Все, что не входит в сферу непосредственного опыта (и даже изрядная часть того, что входит, но замнем для ясности), в той степени, в какой его не заполняет проверяемое (т. е. отчужденное, минимально зависимое от субъекта) знание, заполняется воображаемым, которое затем структурируется в мифологическое. Так, для бесписьменного архаического человека, ведущего оседлый образ жизни, в сферу непосредственного опыта входит его деревня и чуть-чуть леса вокруг, все остальное уже находится в полной власти хтонических сил, что мы и видим при анализе мифологических систем подобных сообществ. Время для архаического бесписьменного человека вообще практически не существует, так как крошечный зазор между величинами a и b заполняется устной традицией, описывающей, почему мир всегда (или, по крайней мере, до последних времен) был и будет устроен именно так, как сейчас. Характерно, что устная традиция может быть сколь угодно изменчивой — и все равно восприниматься носителями мифа как «та же самая», ее изменчивость не будет фиксироваться носителями, так как будет происходить постепенными сдвигами, а улик в виде текстов оставлять не будет — эффект, хорошо известный антропологам. Собственно, это не только к архаическим сообществам относится, но и к некоторым вполне по ряду признаков модерным, но где культура чтения низкая или отсутствует — отсюда, например, разговоры про «тысячелетнюю историю России».

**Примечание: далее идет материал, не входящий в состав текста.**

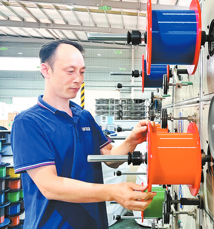 昨日,在永定工业园南部园区的立孚5G(福建)光电集团生产车间内,工人在光缆生产线上忙着赶制订单。据了解,该企业拥有多套国内一流的生产设备和国际先进的检测设备,专业从事高品质光缆及网线的研发、制造及品牌运营。今年,该企业有针对性地开发高密度光纤配线架、防鼠光缆等新产品,年产值有望突破亿元。 通讯员 熊川 摄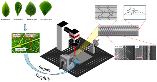 One branch of fractal theory is fractal graphics, which concerns itself with the local properties of a system or structure, as well as the similarity between local structures and the overall structural properties. This is the concept of self-similarity, as it applies to fractal structures. Such self-similarity is evident in the natural world, as exemplified by plants and trees. The structure of the branches is analogous to the overall structure of the trunk, and the branching structure of the branches is also analogous to the overall structure of the trunk. This self-similarity can be extended to structures such as tree roots, branches, leaf veins, etc. (see Figure 2a), exemplified by a snowflake derived from the Von Koch self-similarity fractal curve [36]. The secondary fractal structure that forms the basis of this study was inspired by the intricate patterns observed in leaf veins. As a type of fractal structure, the leaf-vein structure is selected for analysis on the basis of its symmetrical lateral veins, as illustrated in Figure 2b. In this study, the primary main groove is identified as the main vein of the leaf vein, while the secondary lateral groove is identified as corresponding to the lateral vein [37]. As a consequence of the constraints imposed by the processing difficulty, the design of a third-order groove was not feasible. Consequently, the topological model was simplified to a secondary fractal structure. The two-level classification composite-structure model is illustrated in Figure 1. The distance between the main grooves of the first level is designated as S, the width of the main groove is represented by D, and the width of the V-groove on the side of the second level is represented by d. Due to the relatively small size of d, the influence of factors such as scanning times and scanning paths on the drag-reduction performance is not considered separately in laser machining; instead, it is considered together with the main groove of the primary plane. Therefore, λ is set as the width ratio of the first-level main groove to the second-level side groove, i.e., λ = d/D. The angle between the first-level main groove and the V-shaped groove on the second-level side groove is α, and the distance between adjacent second-level side grooves is L.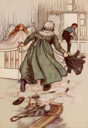 Keywords: vintage retro enchanted charming fairy tale enchanting book illustration warwick goble art illustrator fairytale old antique people children childhood boy girl bed woman servant escape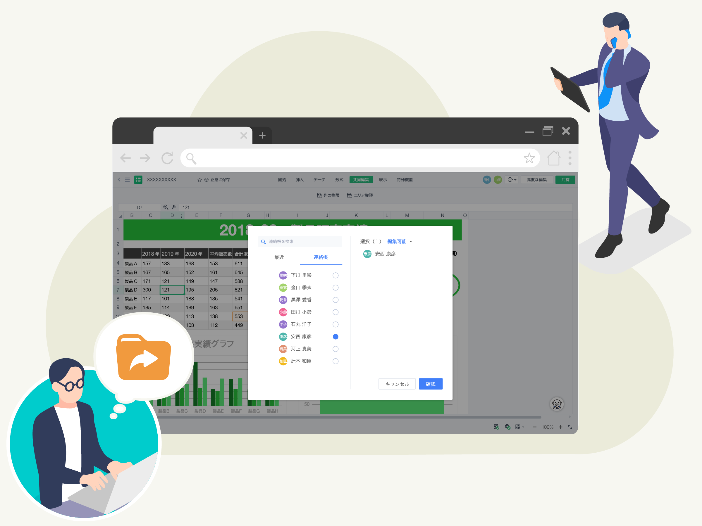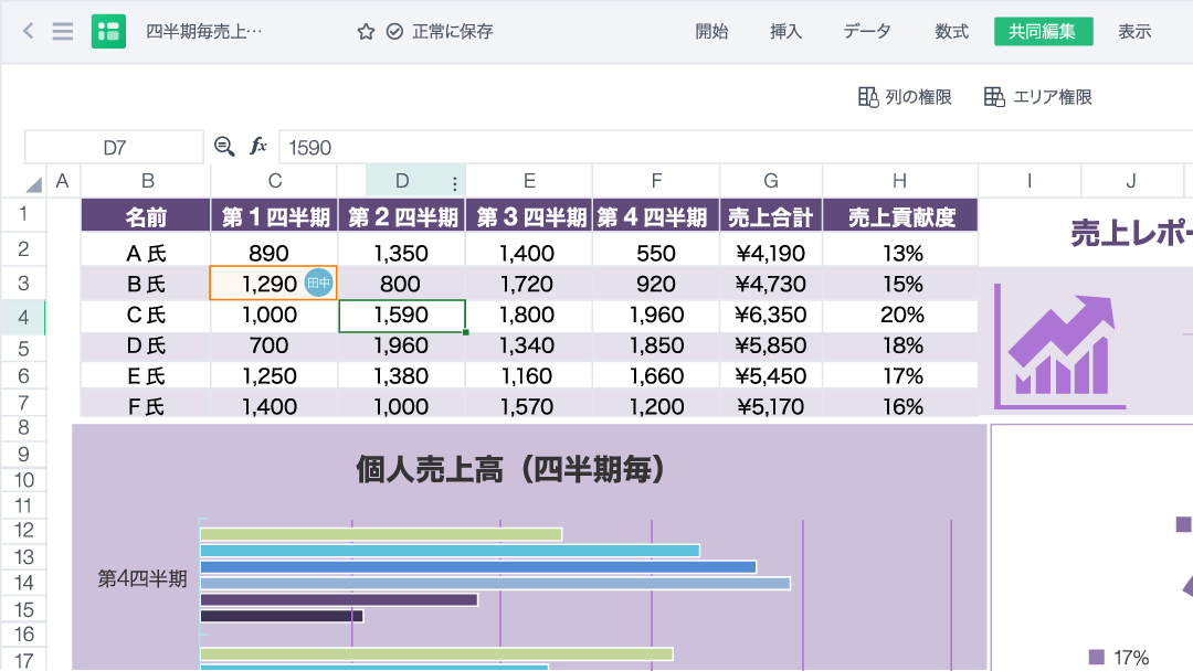 「文書作成」「表計算」「スライド作成」の他、高度なPDF編集に対応。クラウド型オフィスのため、ファイルはクラウドストレージ上に保存されます。保存したファイルは簡単に他のユーザーと共有できます。共有したファイルはリアルタイムで同時編集可能です。

Прогресс, как уже было сказано выше, существует-таки, и разрыв между a и b с наращиванием технологий записи и чтения (а с ними — объем отчужденного знания) неуклонно становится все больше и больше. Этот разрыв бросает вызовы сообществу, потому что отчужденное знание, накапливаясь, начинает расшатывать мифологические конструкты, обеспечивающие абсолютную ценность всевозможных абсолютов и потому составляющие ядро культуры, выводя ее из равновесия и требуя создания новых, более сложных и совершенных форм для компенсации этого, выделения в культуре новых областей.
4
Однако с чего думать, что рост вызовов будет бесконечно приводить ко все более и более совершенным системам, а не окончится в какой-то момент отказом «иммунной системы» культуры? Простой тезис, который я хочу выдвинуть (и который тоже наверняка уже выдвигали раз сто, но вновь опустим), состоит в том, что расширение этого разрыва не бесконечно ведет к прорывам на новые уровни усложнения культурного механизма, но на определенном этапе, напротив, приводит к его поломке. Экстраполируя тенденции, следует быть осторожным — если мне холодно, то повышение температуры на 10-15 градусов меня может и согреть, но это не значит, что повышение на 100-150 градусов согреет еще лучше. Размер, вопреки известному мнению магистра Йоды, часто имеет значение. В тексте о насилии я уже приводил наблюдение Рене Жирара об интересной и парадоксальной черте жертвенной системы, состоящей в том, что она работает тем лучше, чем менее ее пользователи осведомлены о принципах и целях ее работы. Теперь обобщим это для мифологического ядра культуры вообще (сделать это тем проще, что жертвенная система является, в свою очередь, ядром этого ядра и вообще началом всех начал — «из чего все вещи берут свое начало — в то же самое они и разрушаются со временем, повинуясь необходимости; все они в свое время наказывают друг друга за несправедливость» — говорит Анаксимандр, указывая на конфликт и разрешающее его насилие как источник мира).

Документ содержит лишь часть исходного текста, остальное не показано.